`No Query Left Behind`: Query Refinement via Backtranslation

Web users often struggle to express their information needs clearly in short, vague queries, making it hard for search engines to find relevant results. Query refinement, which aims to improve search relevance by adjusting original queries, is crucial in addressing this challenge. However, current evaluation methods for query refinement models may not accurately reflect real-world usage patterns. We propose a novel approach using natural language backtranslation to create benchmark datasets for evaluating query refinement models. Backtranslation involves translating a query from one language to another and then translating it back, ensuring that the meaning remains consistent. We believe that backtranslation can:

Identify missing terms in a query that are assumed to be understood due to their common usage in the original language.
Include relevant synonyms from the target language to provide additional context.
Clarify the meaning of ambiguous terms or phrases.

We conducted extensive experiments using widely recognized TREC query sets and multiple languages. Our results, evaluated using various metrics, demonstrate the effectiveness of backtranslation in creating high-quality benchmark datasets for evaluating query refinement methods.

1. Setup
- Lucene Indexes
2. Quickstart
3. File Structure
4. Acknowledgment
5. License
6. Citation

1. Setup

You need to have Python=3.8 and install pyserini package (needs Java), among others listed in requirements.txt. You may also need to install anserini. Only for indexing purposes and RelevanceFeedback refiner.

Important

Anserini is only compatible with Java version 11. Using versions older or newer than this will result in an error.

We also suggest you clone our repo with the --recurse-submodules (alternatively, use the git submodule update --init inside the cloned repository) to get the trec_eval metric evaluation tool:

By pip, clone the codebase and install the required packages:

pip install -r requirements.txt

By conda:

conda env create -f environment.yml
conda activate repair

Note: When installing Java, remember to set JAVA_HOME in Windows's environment variables.

For trec_eval:

cd src/trec_eval.9.0.4
make 
cd ..

Lucene Indexes

To perform fast IR tasks, we need to build the sparse indexes of document corpora or use the prebuilt-indexes.

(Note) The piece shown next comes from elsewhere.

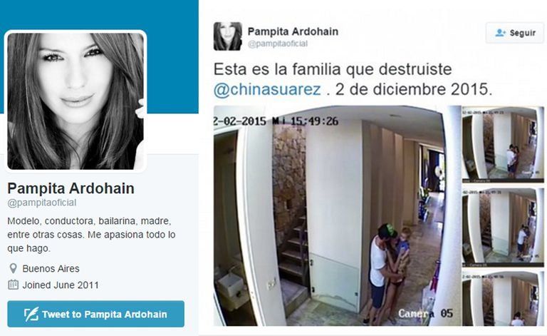 Luego de muchas idas y venidas, Pampita estalló de madrugada en su cuenta de Twitter. En ese momento Carolina Ardohain había descubierto la infidelidad de Vicuña y la China en el recordado episodio de la palta y la manta de Nepal adentro del motorhome. Al no poder aguantar más el enojo y la frustración por una relación que se terminaba de la peor manera, la modelo arremetió con imágenes de la cámara de seguridad de su casa en la que se puede ver a la familia que conformaban con Benjamín Vicuña y con uno de sus hijos.

The path to the index need to be set in ./src/param.py.

2. Quickstart

For using query refinement make sure to add the command to the pipeline in the ./src/param.py.

As seen in the above workflow, RePair has three pipelined steps:

Refining Quereis: [query_refinement]

Performance Evaluation: [search, eval]

Dataset Curation: [agg, box]

To run RePair pipeline, we need to set the required parameters of each step in ./src/param.py such as the ranker used in the search step. Then, the pipeline can be run by its driver at ./src/main.py:

python -u main.py -data ../data/raw/toy.msmarco.passage -domain msmarco.passage

python -u main.py -data ../data/raw/toy.aol-ia -domain aol-ia

python -u main.py -data ../data/raw/toy.msmarco.passage ../data/raw/toy.aol-ia -domain msmarco.passage aol-ia

`['query_refinement']`

Refiners

The objective of query refinement is to produce a set of potential candidate queries that can function as enhanced and improved versions. This involves systematically applying various unsupervised query refinement techniques to each query within the input dataset.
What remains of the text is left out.